Instrumentation
2(II=picc).afl.2.ca.2.bcl.2.cbsn - 4331 - timp - perc(4): BD/BD+cym/SD/TD/large military drum/tam-t/susp.cym/sizz.cym/hi-hat/tgl/tamb/mcas/lujon/1 or 2 glock/vib/crot/mar/xyl - harp - pno/cel - strings (violins divided into 3)
Availability
Score and parts for hire
Programme Notes
Reflected Images is a single 12-13 minute work, divided into four parts of roughly equal length which play without a break. All four parts are inter-related, and might be thought of as four different ways of looking at the same thing, although all are in some way elusive, almost as if what is being looked at is seen out of the corner of the eye.
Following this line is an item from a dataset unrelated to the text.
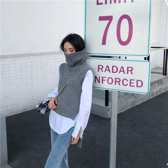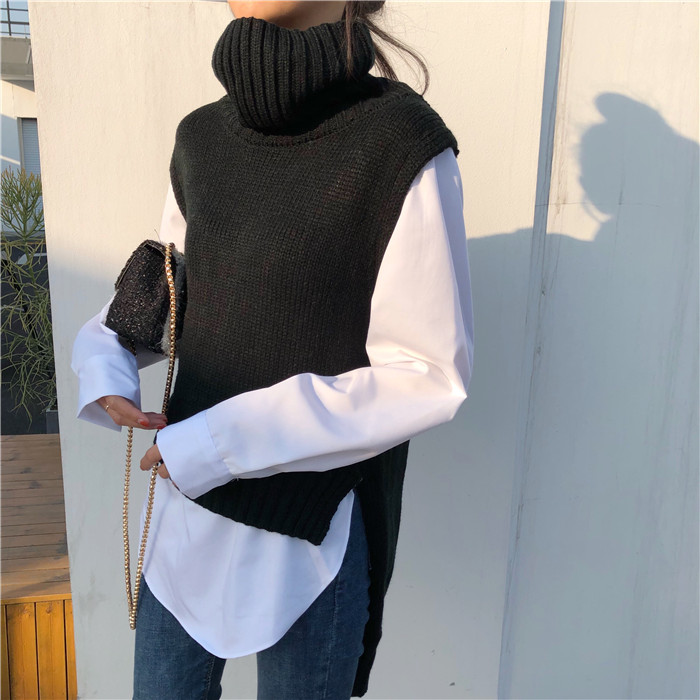 / 毛衣女2018新款時尚韓版氣質高領百搭襯衫拼接前短后長假兩件上衣

The concept, although definitely not the content, of the individual parts has been influenced by my recent work on Debussy's Preludes, and each section has a title, although it is, like Debussy's, not revealed until the end. The titles (or perhaps it would be better to call them afterthoughts) are: Distant Waltz, Past March, Present Recitative and Future Movement.
Colin Matthews
Reviews
‘The whole piece seems to exist on its own terms. Interesting music, this, and I think likely to last.’
San Francisco Classical Voice (Michelle Dulak), 4 October 2003
‘There was no denying the British composer's mastery of the orchestra and of a certain fragrant, Debussyan sensitivity… Reflected Images unfolds in four brief, connected movements: a shadowy, distant waltz followed by a shadowy, distant march, then a somewhat more urgent recitative for strings and a quick, light-footed finale. The writing is terse, elegant and shapely, especially in Matthews' ability to conjure up elusive fog banks of sound from which individual details -- the oom-pah-pah rhythms of the ghostly waltz, for instance -- emerge fleetingly. In the march movement, tiny snippets of melody burst forth from the woodwinds before subsiding, like dark, slender logs sticking above the surface of a placid lake.’